An Asymptotically Optimal Algorithm for Maximum Matching in Dynamic Streams
Authors:
Sepehr Assadi, Vihan Shah.
Abstract:
We present an algorithm for the maximum matching problem in dynamic (insertion-deletions) streams
with asymptotically optimal space complexity: for any n-vertex graph, our algorithm with high
probability outputs an α-approximate matching in a single pass using O(n^2/α^3) bits of space.

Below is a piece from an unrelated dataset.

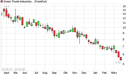 Mit dem Rücksetzer auf 5,49 EUR hat die Green Thumb Industries-Aktie (ISIN CA39342L1085) am 21.03.2025 ein neues 3-Jahres-Tief erreicht und damit den Kurs vom 20.03.2025 eingestellt.
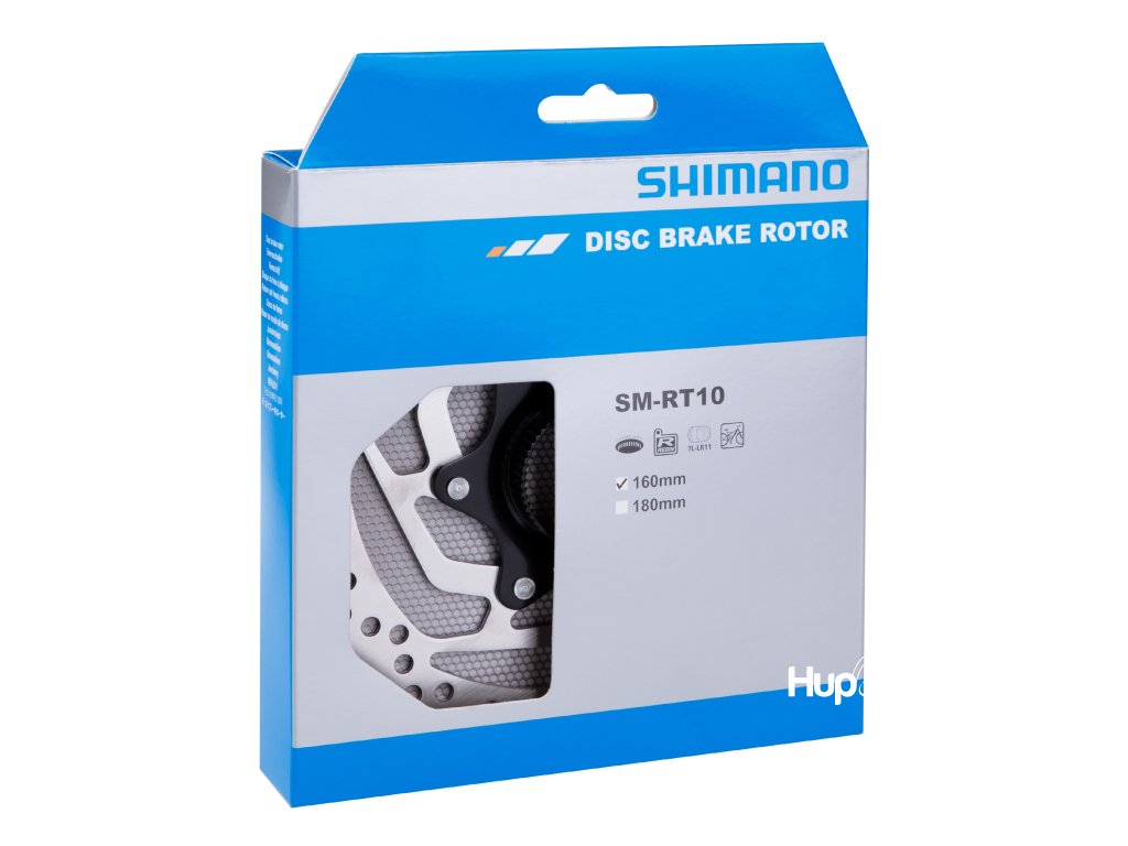 Brzdový kotouč Shimano SM-RT10 o průměru 160 mm je určen pro kotoučové brzdy s uchycením Center Lock. Kotouč je kompatibilní pouze s Resin (polymerovými) destičkami a poskytuje spolehlivý výkon v běžných podmínkách jízdy.

A long line of work on the dynamic streaming matching problem has reduced the gap between
space upper and lower bounds first to n^o(1) factors [Assadi-Khanna-Li-Yaroslavtsev; SODA 2016] and
subsequently to polylog(n) factors [Dark-Konrad; CCC 2020]. Our upper bound now matches the DarkKonrad lower bound up to O(1) factors, thus completing this research direction.
Our approach consists of two main steps: we first (provably) identify a family of graphs, similar
to the instances used in prior work to establish the lower bounds for this problem, as the only “hard”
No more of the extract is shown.